Напуганная стремительным появлением братца, малюсенькая Верочка сначала робко, но с каждой минутой увереннее начинает тянуть «а-а-а»…
— Беги за папанькой, скажи, пастухи у нас нынче. Не плачь, не плачь, маленькая.
Верочка замолкает. Глухо и тупо падают в подойник струйки.
Потом я слышу, как Нюра цедит на крыльце молоко, как чмокает губами маленькая и как начинает скрипеть на очепе люлька.
Звезды высыпали в небо тонюсенькими иголочками, понатыкались в щели, потянуло с огородов запахом ботвы, холодком и сыростью с реки.
Затих скрип в избе, и снова, теперь легонько, прошлепала на улицу Нюрка.
— Дя Вань! Папаньку нашего не видели?
— Видели.
— Иде?
— На пристани.
— А Петька с ним?
— С ним.
— Ах ты, моя заботушка!
Слышно, как дядя Ваня пытается сплясать под «заботу» и рушится наземь.

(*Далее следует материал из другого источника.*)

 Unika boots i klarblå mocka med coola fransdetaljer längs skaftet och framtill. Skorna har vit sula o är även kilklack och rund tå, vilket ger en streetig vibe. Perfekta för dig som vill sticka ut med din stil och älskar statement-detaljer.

— Ты чего это? От окаянный! Ну вставай, вставай…
И еще долго слышится бормотание подгулявшего мужичка и звонкий голосок Нюрки.

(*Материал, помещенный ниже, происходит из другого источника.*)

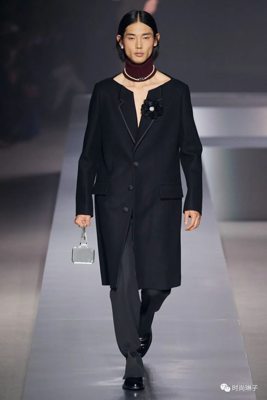 女性化的斗篷式上衣,以及低领口设计的西装搭配花朵胸针和毛领配饰,细节的设计让男士着装更多了一些仪式感。

Усталость смаривает меня. Лучики звезд дрожат на ресницах, слепливают веки. Я засыпаю…
— Мамашка!
Вздрагиваю и мигом просыпаюсь. Уже темно, кто-то шастает по двору.
— Мамашка!
— Ну чего ты? Верку разбудишь. Чего кричишь, папаня? Ведь постелила тебе. Хорошо. Мягко. В избе-то душно.
— Душно, — соглашается папаня. — Мамашк, ты меня прости, выпил маленько. Вот-вот хлеба косить начнем, тогда некогда. Правда?
— Конечно. Ты спи, папань. Вставать-то до свету.
— И то правда. Ты на меня не серчай, мамашк, я тебе осенью баретки во с какими пряжками куплю.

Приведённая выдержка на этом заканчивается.